To celebrate the one-year anniversary of my blog, I want to finish my data in projects series I began earlier in August. I’ve talked about using data throughout all stages of a project. Today I want to look at how data can be used as you’re finishing a project.
In an article by Parallel Project training, they mention that often ending a project properly is often overlooked because of all of the planning and execution that happens earlier in the project lifecycle. A data management plan is a big part of a great exit strategy when the project is concluding. Having a plan includes thinking about roles and responsibilities of the team as the project ends, costs, types of data, data standards, access, policies for re-use and data preservation as described by NC State University Libraries.
Thinking about how data will be used and archived in the future is also important. Without foresight into how to handle the data generated during a project, it’s likely to be a bit too haphazard. A great example is from the University of California – San Diego’s Data Management Plan by Rob Pinkel. Pinkel describes what data will be collected during the project, where the data will be stored and accessed and data formats and how this will affect future archiving activities. The data will be shared with NSF and to interested parties upon request. He recognizes and documents archiving shortfalls which will help any follow-on activities or new project team members in the future.
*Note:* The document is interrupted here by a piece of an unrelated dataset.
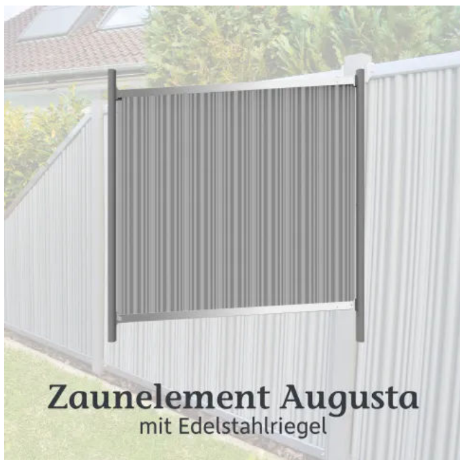
Zaunelement AUGUSTA mit Edelstahlriegel und gewellten Paneelen in Sel Gris

I want to finish today’s discussion by looking at another example of a Data Management Plan that is far too common and that lacks foresight into future data needs. UCSD’s plan by Sameer Shah starts out by listing some project background information, categories of data and even noting some of the data that won’t be published. (The topic of whether all data should be published, good and bad, is a topic for another discussion.) Due to funding and data infrastructure limitations, they plan to archive the data within hard drives and servers only accessible within their School of Engineering. Shah then says the data will be stored for a minimum of 5 years in case the data collection is ‘terminated or transitioned.’ This type of Data Management Plan is counterproductive to furthering research and innovation but is probably the rule more than it is the exception.